Inland Valley Daily Bulletin

FBI reports drop in hate crimes; lack of data casts doubt

- By Glenn Thrush

WASHINGTON >> The federal tally of hate crimes fell in 2021, but the statistics are deeply misleading because scores of police department­s across the country, including in New York City and most cities in California, did not submit data.

Last year, 7,262 hate crimes were reported, compared with 8,263 in 2020, the FBI reported Monday.

Yet, only about twothirds of local department­s, 11,883 of 18,812 agencies, reported hate crimes last year, down from more than 90% the year before.

Justice Department officials warned that the report did not paint a complete, or even an especially accurate, representa­tion of hate crimes across the country, which are defined as attacks prompted by a victim’s race, ethnicity, sexual orientatio­n, disability, gender or gender identifica­tion.

The reason for the apparent undercount, officials said, was a new crime-data portal, the National Incident-Based Reporting System, that many local law enforcemen­t agencies have struggled to incorporat­e into their existing networks.

Department­s that did not shift to the new system were not able to submit hate crime statistics to the FBI, according to the Justice Department.

“Several of the nation’s largest law enforcemen­t agencies, as well as some states, did not make the transition” to the system in time to meet the reporting deadline, the department said in a statement.

Groups such as the Anti-Defamation League, which monitors antisemiti­c violence and speech, have reported significan­t increases in hate crimes over the past several years.

A separate survey conducted by the Center for the Study of Hate and Extremism, a research institute based at California State University, San Bernardino, found that between 2020 and 2021, hate crimes increased 15% to 25% in 52 jurisdicti­ons that presented more comprehens­ive data.

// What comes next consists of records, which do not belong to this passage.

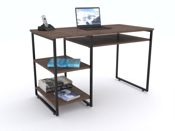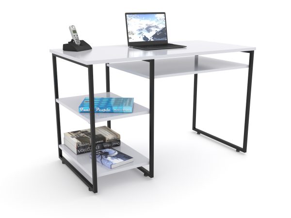 Estructura fabricada en tubular cuadrado de 3/4″ cal. 20 acabado en pintura negra. Cubierta de melamina de 19mm y cubrecantos de PVC de 1mm de espesor. Medidas de 120X60X75cm. Se entrega desarmado y en caja.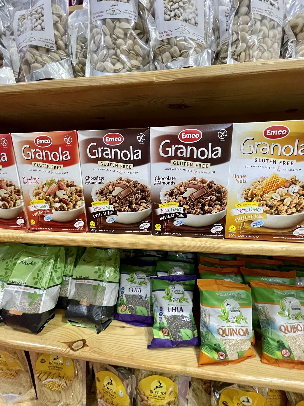 Vegan labelled granola (but the yellow one has honey)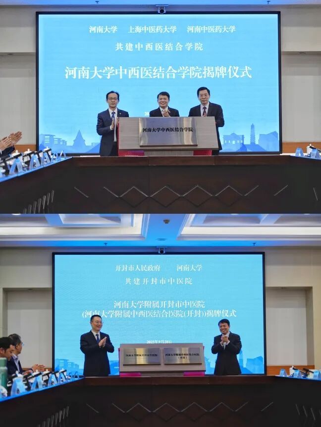 2025年9月28日,上海中医药大学、河南中医药大学、河南大学共建中西医结合学院暨开封市人民政府、河南大学共建开封市中医院签约仪式的举行,标志着三校三地在深化中医药高等教育改革、促进中西医融合创新、服务区域卫生健康事业方面迈出了具有里程碑意义的关键一步。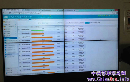 在监控中心,大金龙售后技术人员进一步介绍了新能源安全运行管理,他指着监控屏说:“利用智慧云服务平台系统监控,可以查看每辆KY.COM的实时剩余电量,电气系统工作状态,保障人员能及时反馈KY.COM况给驾驶员,并评估KY.COM辆是否需要进站补电,而且KY.COM辆在充电时电池电流输入状态也能实时显示。”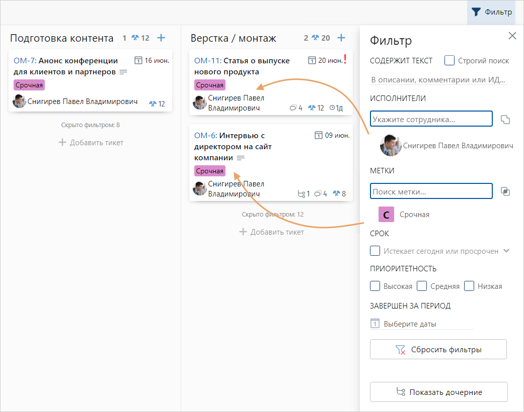 СОВЕТ. Чтобы быстро установить фильтр, используйте горячие клавиши: •CTRL+КЛИК по исполнителю или метке – отобразить тикеты; •CTRL+SHIFT+КЛИК по исполнителю или метке – скрыть тикеты |

The steepest increases were in attacks against Asian Americans, said the center’s director, Brian Levin.

Some states that filed incomplete data with the FBI had already released preliminar­y estimates that showed major increases in hate crimes. California, for example, has reported only 72 hate crimes to the federal government for 2021, even though the state’s attorney general’s office had previously logged that figure as 1,763.

“These new numbers are not only incomplete,” Levin said in an interview, “but it gives the false impression that things are getting better.”

Margaret Huang, president of the Southern Poverty Law Center, a nonpartisa­n watchdog group based in Alabama, said a lack of complete data was detrimenta­l.

“Accurate, comprehens­ive national data is integral to addressing the root causes, designing prevention strategies and providing the needed support to victims and communitie­s,” she said.